Under this line are records; the part from the line containing "IntelliJ IDEA 2023.2" through the line containing "U BLIZINI ostataka" should be repeated exactly. Please exclude pictures.

» **SUPPLIED MATERIAL**

—————

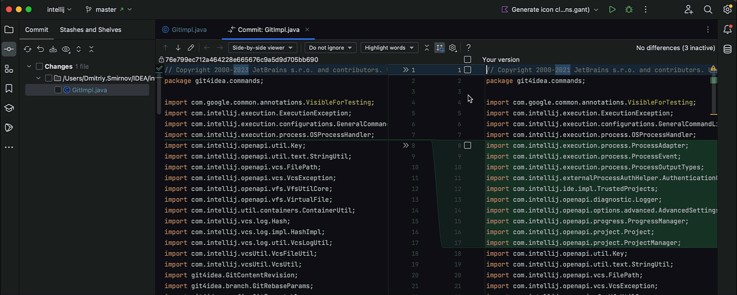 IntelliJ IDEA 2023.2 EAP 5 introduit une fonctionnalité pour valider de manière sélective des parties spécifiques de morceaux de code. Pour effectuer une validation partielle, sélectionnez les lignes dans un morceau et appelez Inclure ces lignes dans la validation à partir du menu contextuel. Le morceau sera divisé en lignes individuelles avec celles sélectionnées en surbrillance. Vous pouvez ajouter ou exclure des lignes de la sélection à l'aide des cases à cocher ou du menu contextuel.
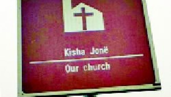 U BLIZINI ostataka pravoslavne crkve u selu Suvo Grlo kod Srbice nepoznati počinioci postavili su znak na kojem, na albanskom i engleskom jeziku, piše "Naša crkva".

—————

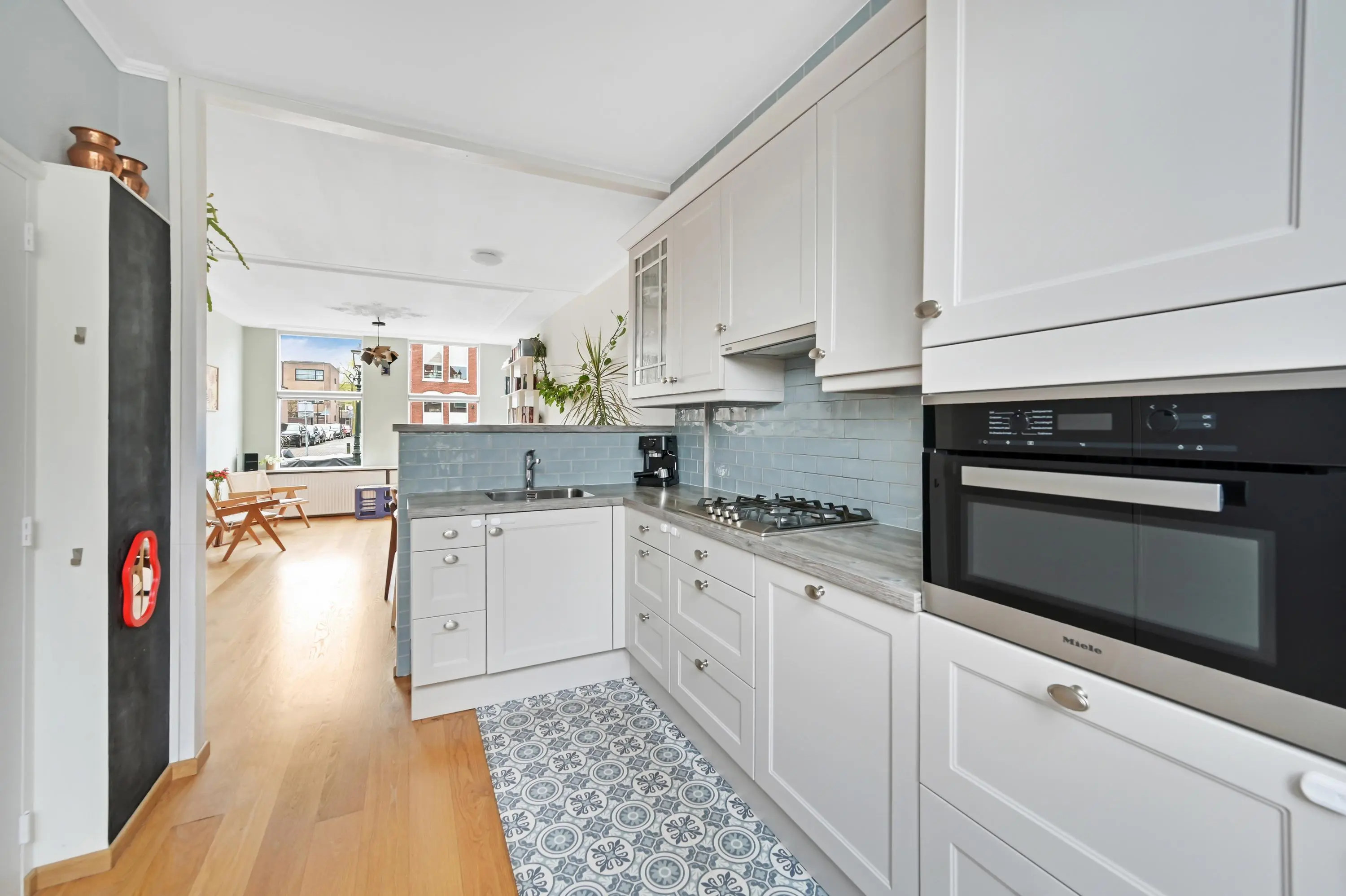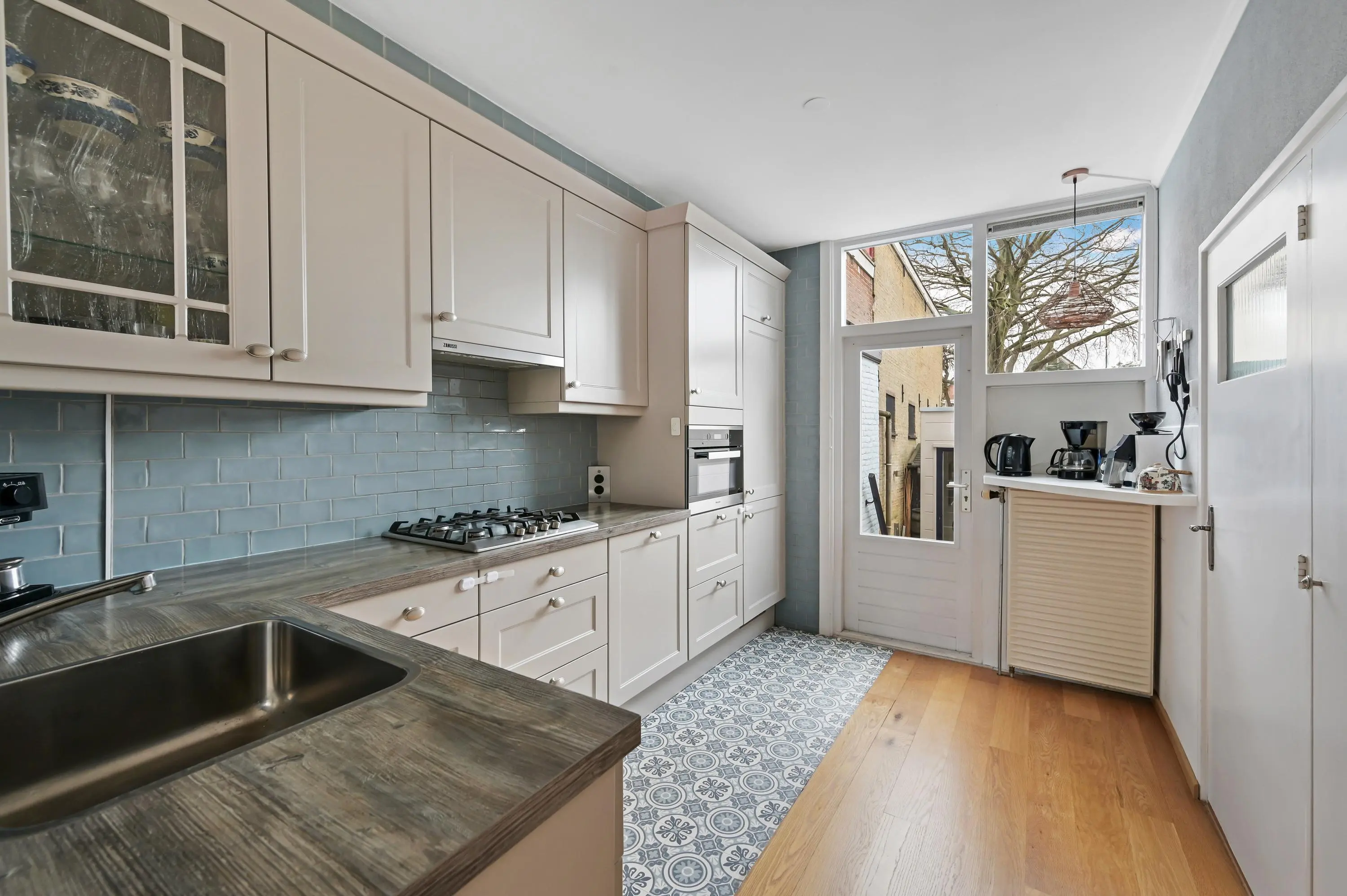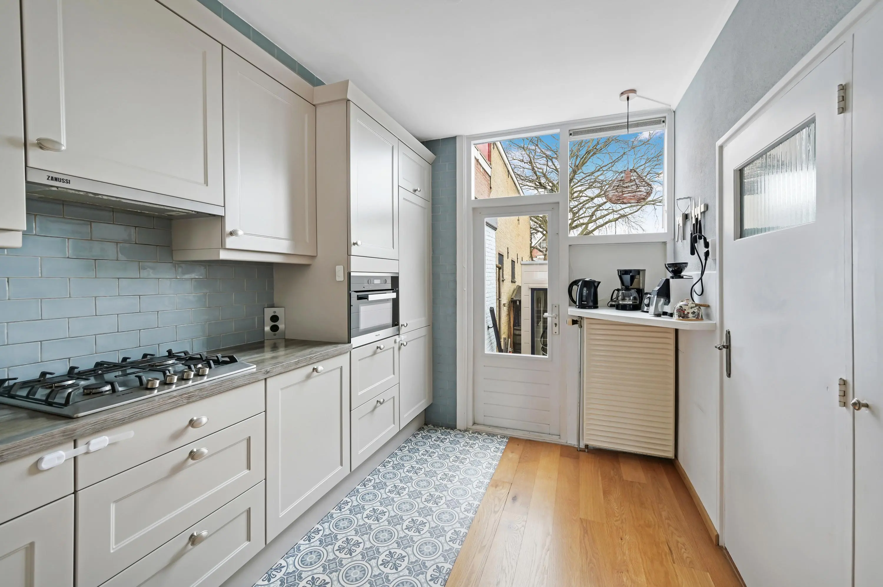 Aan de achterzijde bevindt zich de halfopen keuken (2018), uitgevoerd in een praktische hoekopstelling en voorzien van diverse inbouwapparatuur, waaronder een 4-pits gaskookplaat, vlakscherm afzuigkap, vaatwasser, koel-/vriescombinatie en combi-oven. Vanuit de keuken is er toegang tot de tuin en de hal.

—————

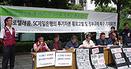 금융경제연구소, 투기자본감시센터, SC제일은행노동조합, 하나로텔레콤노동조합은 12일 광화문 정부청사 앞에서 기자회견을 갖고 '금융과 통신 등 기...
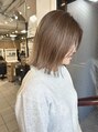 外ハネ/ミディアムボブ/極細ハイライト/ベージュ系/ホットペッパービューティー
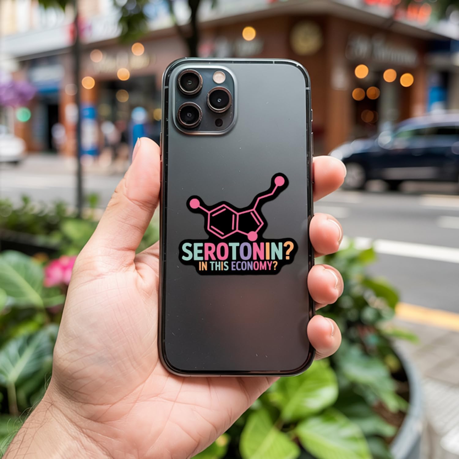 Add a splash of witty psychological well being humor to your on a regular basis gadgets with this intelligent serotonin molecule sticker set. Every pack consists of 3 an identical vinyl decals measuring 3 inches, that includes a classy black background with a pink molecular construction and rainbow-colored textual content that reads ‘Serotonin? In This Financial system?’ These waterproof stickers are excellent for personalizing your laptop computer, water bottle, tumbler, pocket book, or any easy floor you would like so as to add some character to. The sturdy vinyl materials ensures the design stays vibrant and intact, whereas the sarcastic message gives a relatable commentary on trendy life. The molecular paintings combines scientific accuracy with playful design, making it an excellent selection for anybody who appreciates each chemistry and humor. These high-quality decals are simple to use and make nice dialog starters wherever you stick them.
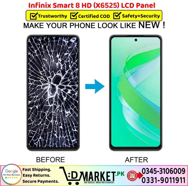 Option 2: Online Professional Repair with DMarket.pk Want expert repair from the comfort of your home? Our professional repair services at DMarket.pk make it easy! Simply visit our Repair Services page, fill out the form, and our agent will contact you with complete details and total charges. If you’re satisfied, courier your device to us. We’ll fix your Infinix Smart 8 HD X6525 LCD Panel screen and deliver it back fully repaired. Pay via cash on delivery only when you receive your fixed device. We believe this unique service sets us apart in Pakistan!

—————

» **SOLVED PROBLEM**
 IntelliJ IDEA 2023.2 EAP 5 introduit une fonctionnalité pour valider de manière sélective des parties spécifiques de morceaux de code. Pour effectuer une validation partielle, sélectionnez les lignes dans un morceau et appelez Inclure ces lignes dans la validation à partir du menu contextuel. Le morceau sera divisé en lignes individuelles avec celles sélectionnées en surbrillance. Vous pouvez ajouter ou exclure des lignes de la sélection à l'aide des cases à cocher ou du menu contextuel.
 U BLIZINI ostataka pravoslavne crkve u selu Suvo Grlo kod Srbice nepoznati počinioci postavili su znak na kojem, na albanskom i engleskom jeziku, piše "Naša crkva".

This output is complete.